To install, clone the project to your local machine and install it like so:

python3 -m pip install git+ssh://[email protected]:tools/data-faker.git

or 

python3 -m pip install git+https://migym-gitlab.svc.ac2sp.army.mil/migym/webapp.git

or

python3 setup.py install

Usage

Usage: datafaker [OPTIONS]

Options:
  -h, --host TEXT                 Hostname of machine  [default: localhost]
  -t, --port INTEGER              Port number to connect on  [default: 5432]
  -u, --username TEXT             Username to connect with
  -p, --password TEXT             Password to connect with
  -d, --database TEXT             Database name
  -w, --write-db
  --truncate / --append           Provide --truncate to truncate tables before
                                  populating. Tables will be truncated in the
                                  reverse order of their appearance in the
                                  schema.
  -s, --schema TEXT               Path to schema file  [default: schema.yml;
                                  required]
  -o, --output [json|csv|sql|none]
                                  Output options: json=output JSON to
                                  output.json, csv=output to files named after
                                  docs, sql=output to output.sql
  --help                          Show this message and exit.

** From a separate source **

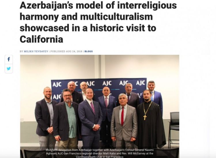 Azərbaycan nümayəndə heyətinin üzvləri Kaliforniyada olarkən bir sıra dini liderləri və Kaliforniyanın qanunvericiləri, habelə yerli yəhudi icmasının rəhbərləri ilə görüşüblər. Bu görüşlərdə Azərbaycanda ta qədimdən mövcud olan tolerantlıq və multikulturalizm ənənələri müzakirə edilib. Azərbaycanda müxtəlif etnik və dini qrupları təmsil edən insanların, o cümlədən müsəlmanlar, pravoslav xristianlar, katoliklər, protestantlar, yəhudilər və digər konfessiyaların nümayəndələri əsrlərboyu qardaşcasına dostluq və qarşılıqlı hörmət şəraitində yaşayırlar.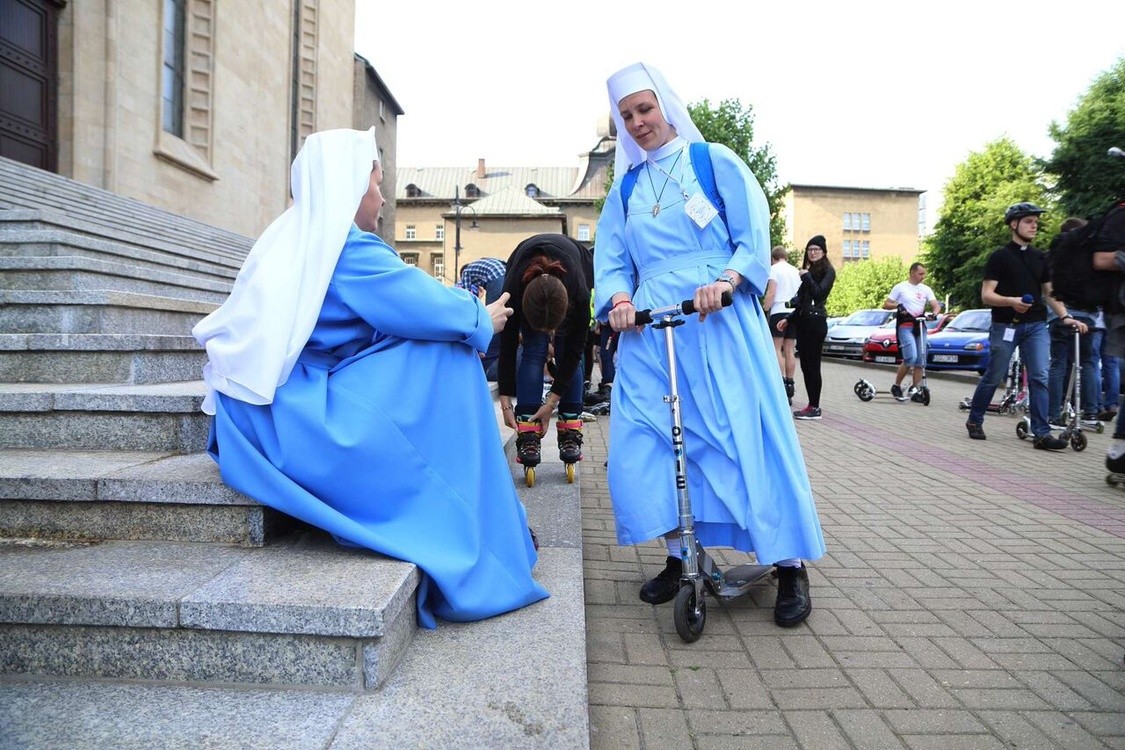 Z Katowic wyruszyła V edycja pielgrzymki na hulajnogach i rolkach. Wśród uczestników, tradycyjnie, znalazły się siostry zakonne - w tym siostra Sara Gembala, służebniczka

Using -w, --write-db or --truncate requires you supply database connection parameters: host, port, username, and password.

Schema

DataFaker generates data based on a schema you provide in the form of a YAML file. By default, DataFaker looks for schema.yml in the directory from which you execute it.

Top-level Metadata

The following properties can be specified at the top-level of the YAML file:

Property	Type	Description
_seed	integer	Seeds random data generators. If provided, DataFaker will produce the same output for all runs (except for dates).
_pre_sql	list[string]	SQL commands to be executed before database tables are truncated.
_after_truncate_sql	list[string]	SQL commands to be executed after database tables are truncated but before data is loaded.
_post_sql	list[string]	SQL commands to be executed after all data has been loaded.

Documents

The schema file is composed of documents. Each document represents a data entity with related fields. When loading data to a database, each document maps directly to a database table.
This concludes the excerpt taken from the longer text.